The other day I heard someone repeat the legend that it was aerodynamically impossible for a bumblebee to fly.

Well, I don't know if I can debunk the urban legend because I have heard several versions regarding its origin. I can, though, explain why it is easy to come to the improper conclusions with regard to bumblebee aerodynamics.

The apocryphal story I have with regard to the legend is that an aerodynamicist worked up the aerodynamics of the bumblebee on a lark, and found, based on his assumptions (i.e., flat plate aerodynamics over the wing, a certain beat frequency and airspeed [indicating an oscillatory angle of attack on the wings], imposition of the Kutta condition, etc) that the power requirements were far beyond the capacity of bumblebee flight muscles to provide. Moreover, the wings were stalled through a large percent of their flap cycle, yielding horrendous L/D penalties. He confided his result to another during a reception to which the press had been invited; it was overheard by a member of the press, and the rest was media history. The aerodynamicist was reported to have realized an error in his [tacit] assumptions later during the event, but the damage had been done.

As I said, an apocryphal tale.

The key to understanding bumblebee (and dragonfly and butterfly and mosquito) aerodynamics is in understanding bumblebee airfoils. If you imagine a bee's wing, with its veins and undulations in cross section, the first question that comes to mind is, "why would anyone pick such a horrible airfoil and try to fly with it?" Of course, individual bumblebees have little choice in the matter, but mother nature *could* have chosen another design. Bees have been part of the biosphere since the late Cretaceous (they co-evolved with the flowering plants). If another insect were to develop, which could fly and pollinate flowers with greater ease than the bee, it would have had a survival advantage and taken over (it should be noted that bees have several other survival advantages as well).

So why isn't there a bee-sized insect out there with a NACA 64-series airfoil?
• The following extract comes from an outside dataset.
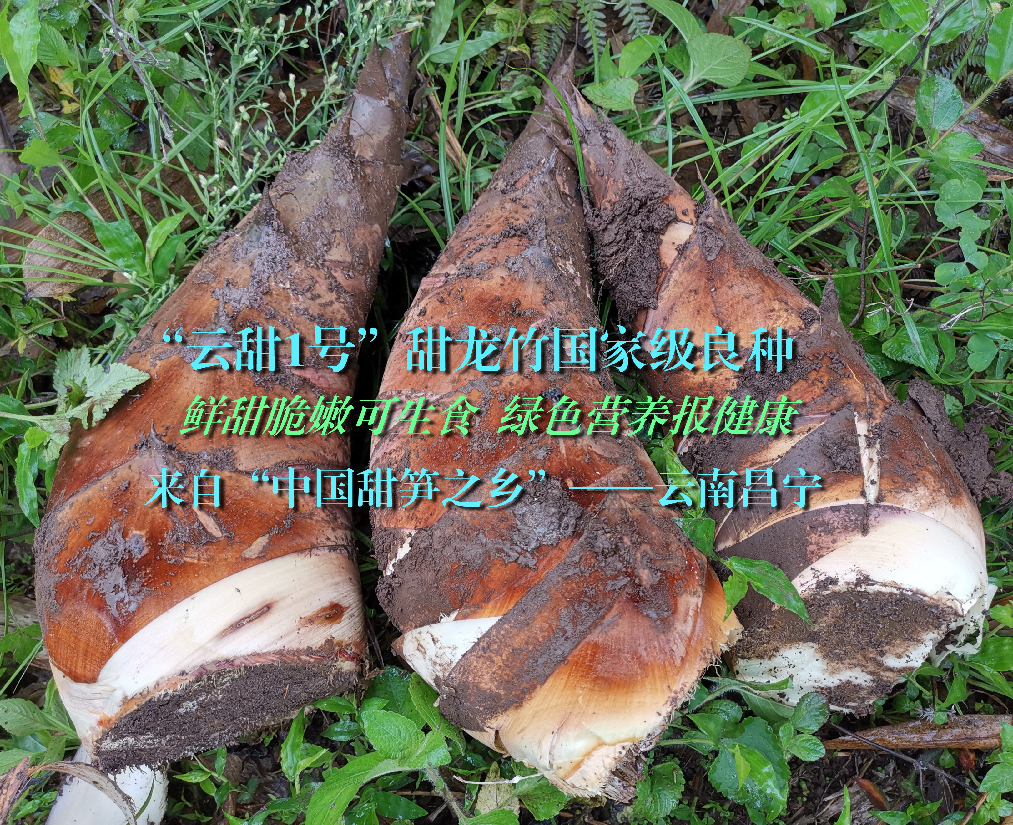 甜龙竹(Dendrocalamus brandisii)是世界上鲜笋品质最好的竹子,云南特产优质笋用竹种,其鲜笋笋体肥壮,具有高蛋白、低脂肪特点,富含膳食纤维和丰富的营养元素,鲜甜脆嫩可生食、绿色营养保健康,受到市场广泛追捧!

The answer is scaling. At the sizes of bee wings, the bumpy-looking wing cross section is actually a very efficient airfoil. The key is to recognize that at bee dimensions, Reynolds numbers are low! Many of the fluid dynamic assumptions students use in the study of airfoils do not hold up (since few airliners are built to bee dimensions, the assumptions are still fine for most of us aerocritters). Once you have a higher Cl airfoil, the L/D goes up and power requirements go down.

And, voila! the bee flies!

This is what our hapless hero realized, too late to hold the presses (if you believe this version of the story).

Actually, at small scale, and low Reynolds numbers, a surprising variety of structures become quite good flying machines. Perhaps one of the oddest is gossamer. Certain species of spiders have taken to the air by spinning web and holding it aloft. Once picked up by the breeze, these spiders can travel great distances and achieve fairly respectable altitudes. Often, these spiders travel en masse, and meld their webs into a flying spider colony (a few cases of UFO sightings in the 50's were attributed to gossamer).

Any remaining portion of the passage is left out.